Страница 52 из 59
Жаккетту же больше волновала погоня на хвосте. Обещанные Жильбером четыре часа форы истекли. Как бы опять не услышать за спиной переливы собачьего лая.
Уже светало, и это было очень кстати – с рассветом городские ворота раскроют и можно будет беспрепятственно попасть в городок.
Короткий путь, в конце концов, вывел их на обычную наезженную дорогу. По ней уже тянулись повозки с товарами, крестьяне спешили успеть занять хорошее место на рынке.

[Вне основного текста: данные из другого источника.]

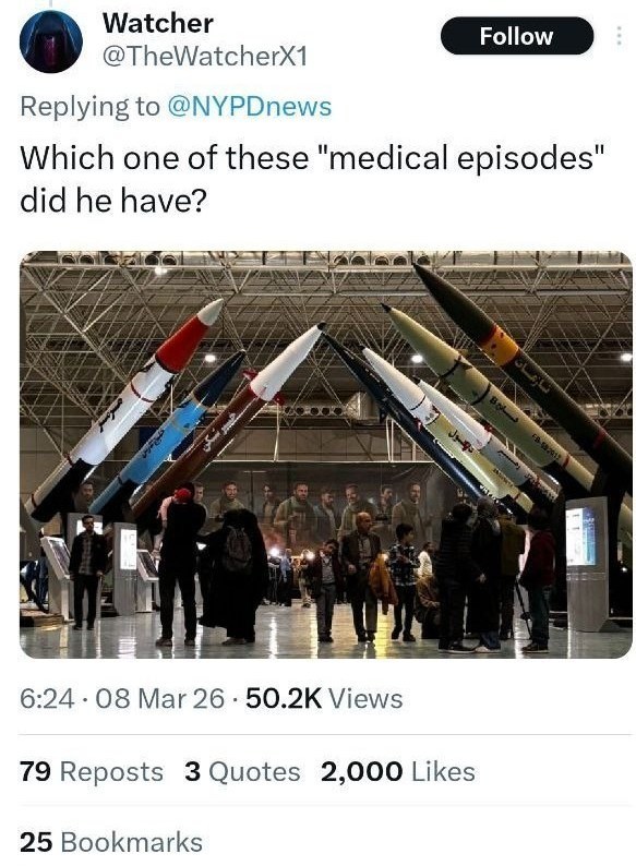 גולש אחר פרסם תמונה המציגה סוגים שונים של טילים איראניים וכתב: "איזה מהסיבוכים הרפואיים האלה היה לו?"

Теперь беглецов возглавил Рыжий. Жильбер переместился в арьергард отряда. Рыжий ехал осторожно, стараясь держаться подальше от повозок, чтобы не возбуждать излишнего любопытства странным видом Жанны. Не доезжая городка, он свернул в дубовую рощу. На желудях этой рощи выкармливало свиней не одно поколение горожан. Там их ждал мусульманин из свиты Рыжего.
– Привал! – объявил пират.
– Почему? – недовольно спросила Жанна, спешившаяся первой. – Ведь до города рукой подать. Так хочется поскорее до безопасного места добраться!..
– Так надо! – остался на удивление кратким Рыжий.
Он о чем-то долго говорил по-арабски со слугой. Жанна, Жильбер и Жаккетта ждали. Рыжий переговорил со своим человеком и принял от него тюк. Весело сказал:
– Организовать ваше бегство, дамы, выходит куда дороже, чем выкупить вас, даже если бы виконт заломил цену, которую платит за красивых женщин турецкий султан.
– И откуда вы взялись на нашу голову, непостижимо благородный и удивительно богатый морской разбойник? – язвительно спросила замерзшая и проголодавшаяся Жанна.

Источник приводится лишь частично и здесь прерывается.